‘Live’ toddler taken to morgue in body bag
Sole survivor in crash at Mecca pilgrimage
A toddler pulled from the wreckage of a car crash that killed five family members was sent to a morgue in a body bag in the belief he was dead.
He survived thanks to his grandfather holding him tightly in his arms
Mohammed Eisa Danial Hayat was the sole survivor of the devastating crash during a pilgrimage to Mecca, Saudi Arabia, on 8th February.
The unconscious toddler underwent a second ordeal when he was zipped into a body bag and transported to a morgue, it was revealed yesterday.
But as he was being put into storage his body began moving and stunned officials rushed him by ambulance to hospital.
The potentially catastrophic mistake was revealed for the first time yesterday as grieving relatives spoke of the accident. They have also launched a campaign lobbying for better regulation of taxis in Saudi Arabia after the tragic events of last February.
Eisa and his family were travelling in a taxi when it hit a bridge and flipped over, killing the driver and the whole of his family. The driver, understood to have been going too fast at the time, was uninsured and is believed to have fallen asleep at the wheel.
Eisa suffered a dislocated shoulder, broken arm and ribs in the crash but survived thanks to his grandfather holding him tightly in his arms.

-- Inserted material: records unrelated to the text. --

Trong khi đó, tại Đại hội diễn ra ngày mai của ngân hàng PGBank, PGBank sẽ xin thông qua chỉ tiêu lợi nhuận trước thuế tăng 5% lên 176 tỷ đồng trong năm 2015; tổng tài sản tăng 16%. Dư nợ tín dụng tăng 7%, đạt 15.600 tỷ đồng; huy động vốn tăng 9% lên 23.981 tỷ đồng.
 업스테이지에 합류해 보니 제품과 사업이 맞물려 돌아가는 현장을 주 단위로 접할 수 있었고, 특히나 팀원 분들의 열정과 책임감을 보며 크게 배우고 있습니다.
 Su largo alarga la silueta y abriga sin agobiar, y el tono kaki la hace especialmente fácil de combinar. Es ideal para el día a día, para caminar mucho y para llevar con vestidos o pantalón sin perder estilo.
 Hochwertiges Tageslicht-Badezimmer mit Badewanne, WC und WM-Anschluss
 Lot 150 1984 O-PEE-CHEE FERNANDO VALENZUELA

His mother Bilques, 30, who was pregnant and due to give birth in eight weeks, died in the accident.
Also killed were his father Mohammed, 33, grandfather Shaukat, 56, grandmother Abida, 47, and his aunt Saira, 29.
The crash happened as the family, from Newport, south Wales, were in the country for Umrah, the Muslim pilgrimage to Mecca.

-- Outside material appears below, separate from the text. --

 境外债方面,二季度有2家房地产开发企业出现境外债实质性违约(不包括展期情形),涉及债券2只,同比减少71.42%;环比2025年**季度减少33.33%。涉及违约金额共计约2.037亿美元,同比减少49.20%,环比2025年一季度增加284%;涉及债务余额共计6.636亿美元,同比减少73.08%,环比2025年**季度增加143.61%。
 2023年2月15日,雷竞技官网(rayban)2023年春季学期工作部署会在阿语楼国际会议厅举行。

Officials on the scene in Saudi Arabia were certain nobody had survived and Eisa was taken to the morgue with his family and the driver.
The toddler, who has since turned two, is now back in Wales and being looked after by members of his parents’ extended family.
“They thought ‘oh, the little baby was dead, no-one could’ve survived that.’ So they took him, zipped him up in the bag and took him to the morgue,” Shaukat’s brother, Shazada Hayat, told Wales On Sunday.
“He ended up in the mortuary. As they were putting him in [to storage], he moved around. They grabbed him, put him in an ambulance and rushed him to the Medina Children’s Care Hospital.”
He went on to speak of his family’s efforts to get the law changed in Saudi Arabia to ensure only licensed and insured taxi drivers can operate.